To receive compensation for a secondary condition, you typically need to show evidence of your primary condition and how it relates to your service and provide medical evidence of your secondary condition. Even if the VA gives you a 0% rating for your primary disability, you may be eligible for a higher rating for your secondary disability.

4. Aggravation of a Before-Service Disability During Service

Did you enter active duty with a preexisting condition? If so, that condition should have been noted in your entrance exam. The VA will use this information if you submit a claim for VA benefits under the assumption of an aggravated service connection. This service connection relates to any conditions that may have been exacerbated by your time in service. 

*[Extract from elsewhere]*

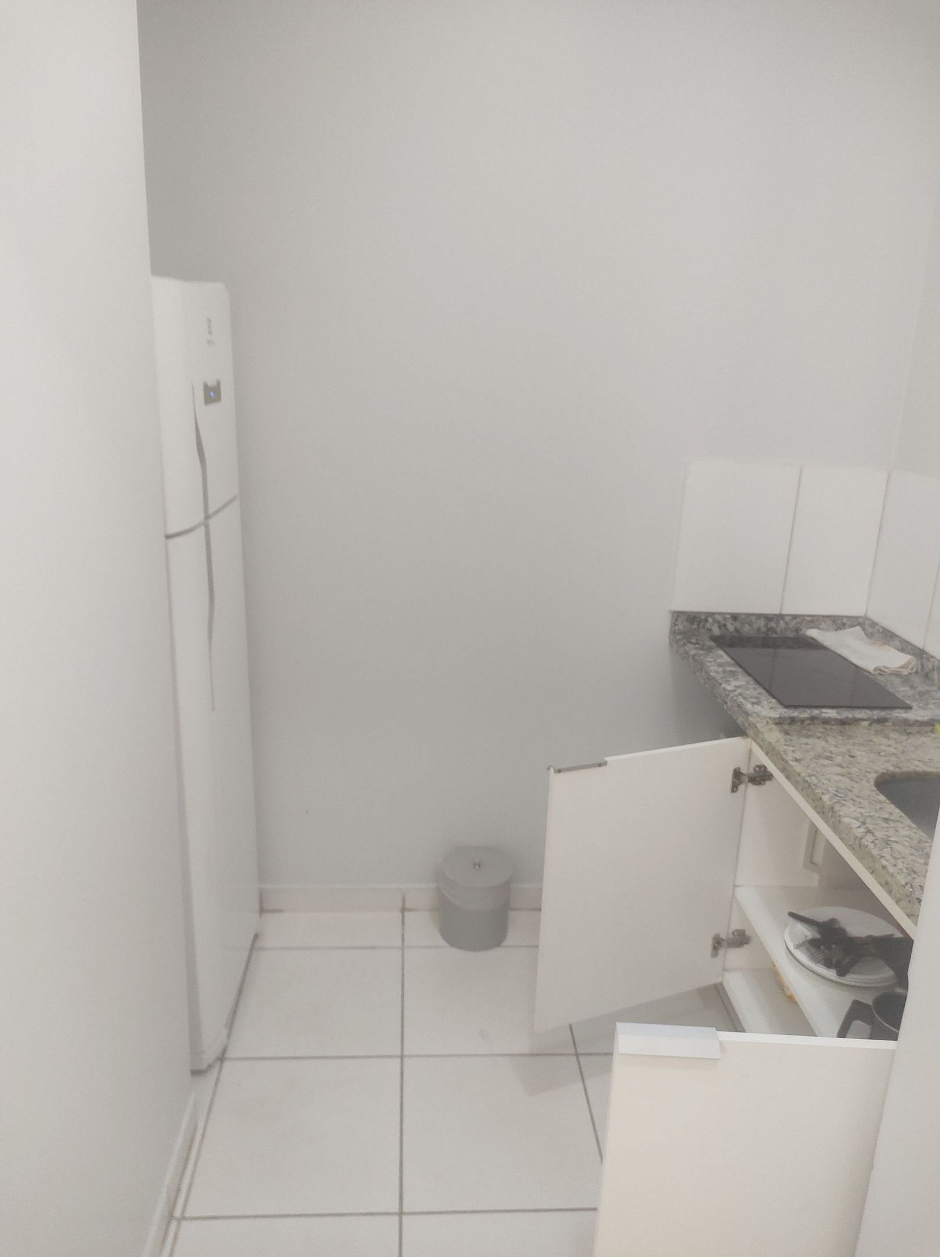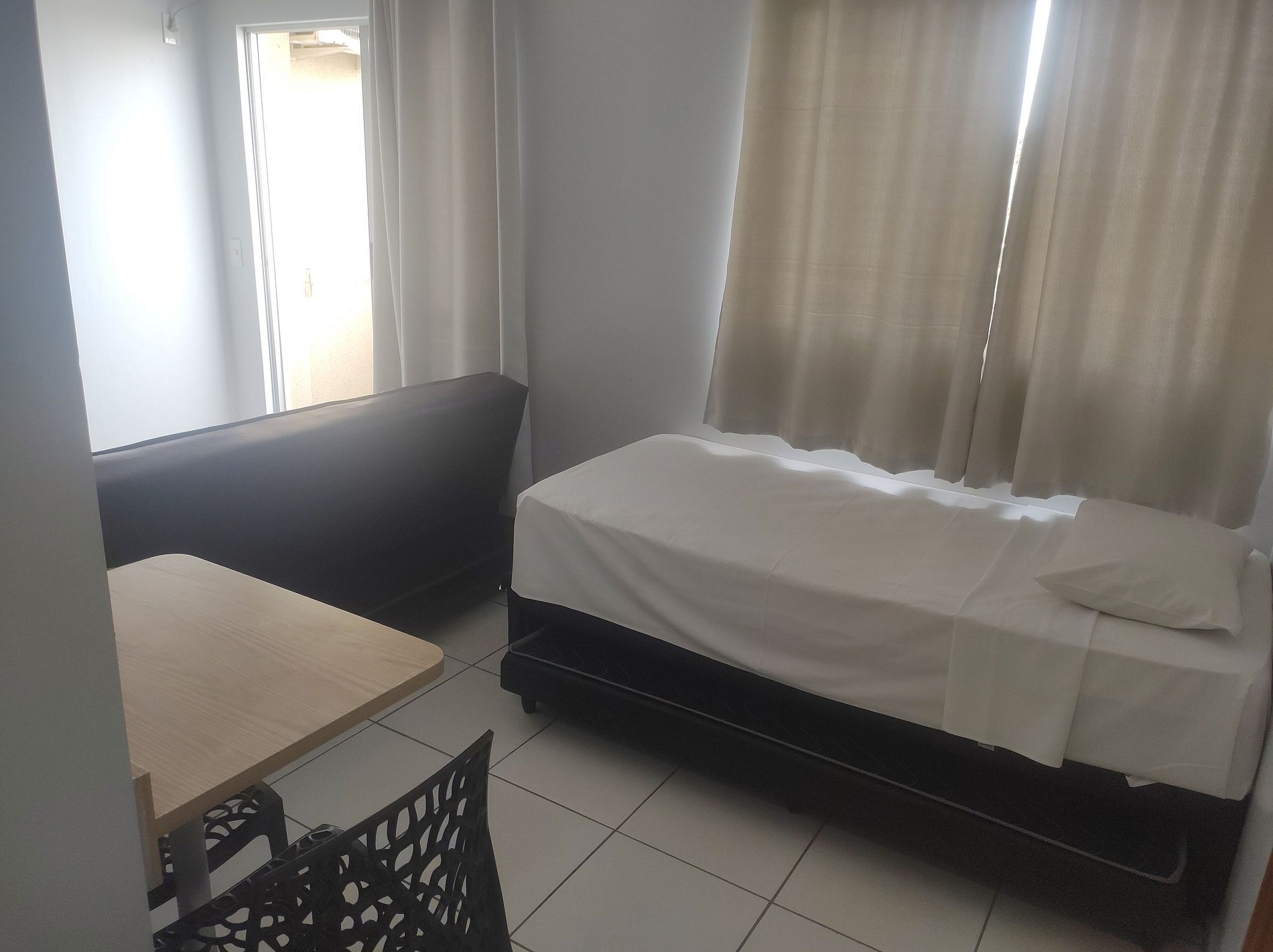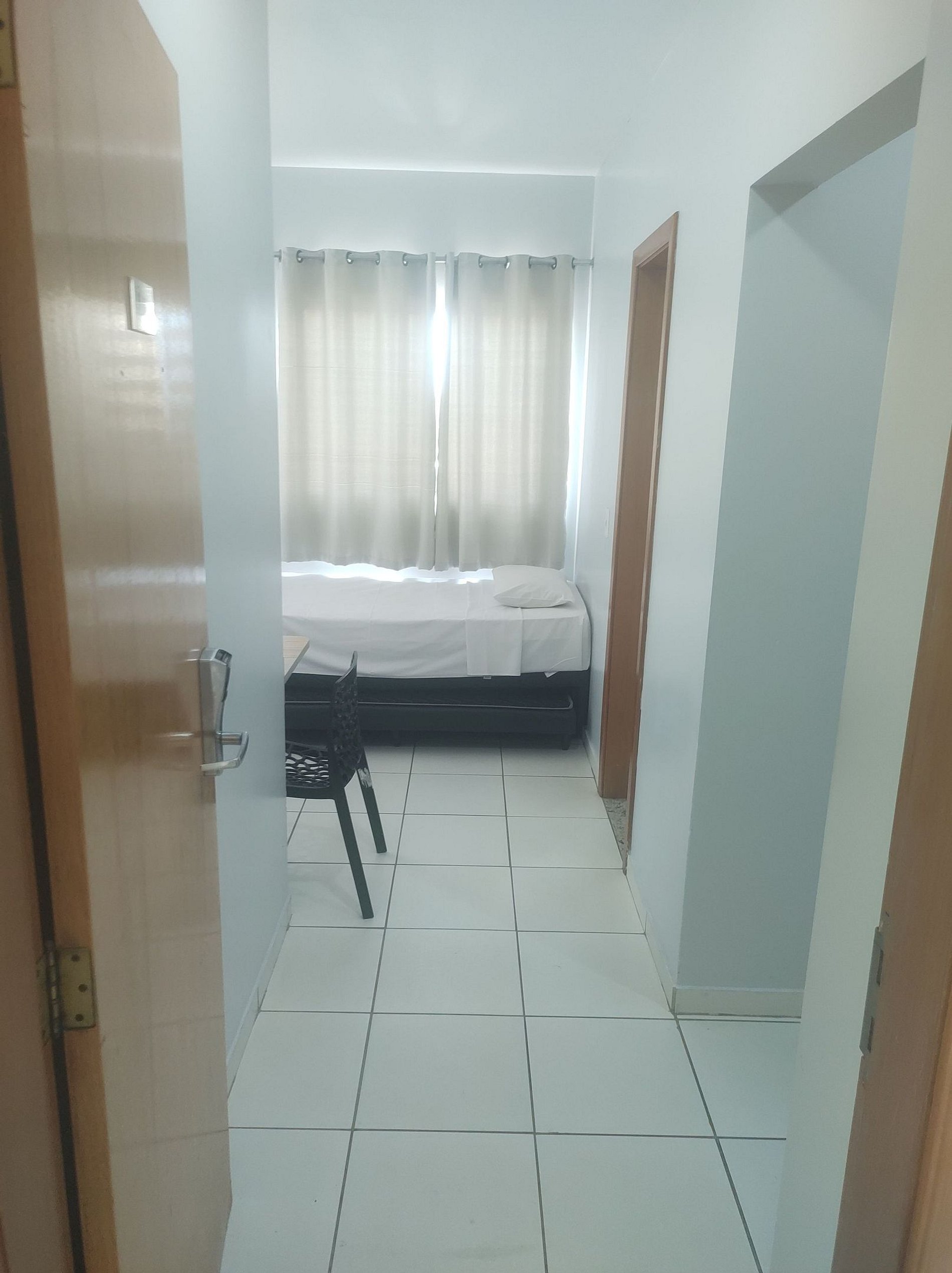 Flat ambiente unico com sacada, contendo cama de casal, sofá bicama e colchaão extra de soteiro, TV, ar-condicionado, pia, frigobar e microondas.

When you claim this connection, the VA has the responsibility of determining whether your condition has progressed naturally or has progressed faster because of your time in the service. This can be a challenging determination to make, so it’s a good idea to arm your application with plenty of medical evidence and statements from your medical team that can help you prove that your condition worsened because of your service.

The tricky part of this service connection is especially apparent in genetic conditions that often progress naturally as one ages. During the determination process, the VA will consider all evidence you and your medical team provide to decide whether your condition worsened because of your service or if it would have met its current state regardless. The VA will also only allow this connection when your condition has been deemed to be a permanent disability.

5. Service Connection for Injuries Caused By the VA Health Care System

The VA may approve a VA disability claim if you can prove that you incurred an injury, illness, or medical condition because of any care you received through the VA health care system. The VA allows this service connection when you can prove that you either incurred a new condition or your existing condition became aggravated because of the health care you received.

This service connection isn’t common, but it can be easy to prove if you have documentation of your medical visits and evidence to support your claim. You’ll need to prove that your condition happened through the fault of the VA medical facility because of negligence, inadequate medical care, lack of skill, or another reason. It may be necessary to receive a medical opinion from a different facility and physician that can back up your claim. 

These veteran’s disability claims are treated as a different type of claim and benefits, known as Section 1151 benefits. You do not have to file a new claim to receive benefits under Section 1151, but you’ll still need to provide evidence to the VA to ask for your rating and benefits to increase. You can also choose to create a new claim for a secondary disability.

What is a Service Related Disability?

Understanding what is a VA service connection and how to prove a VA service connection are integral parts of the process of applying for service connected disability compensation. The VA looks explicitly for medical and personnel evidence that demonstrates that your current disability and symptoms are a result of your time in the service.

Fortunately, veterans have a few ways to show the connection between their service and their condition. Still, it’s necessary to know which connection type is relevant to your case to help you complete your application. If you need assistance with filling out your application or filing an appeal after a denial, you can enlist a VSO or a VA disability attorney for guidance.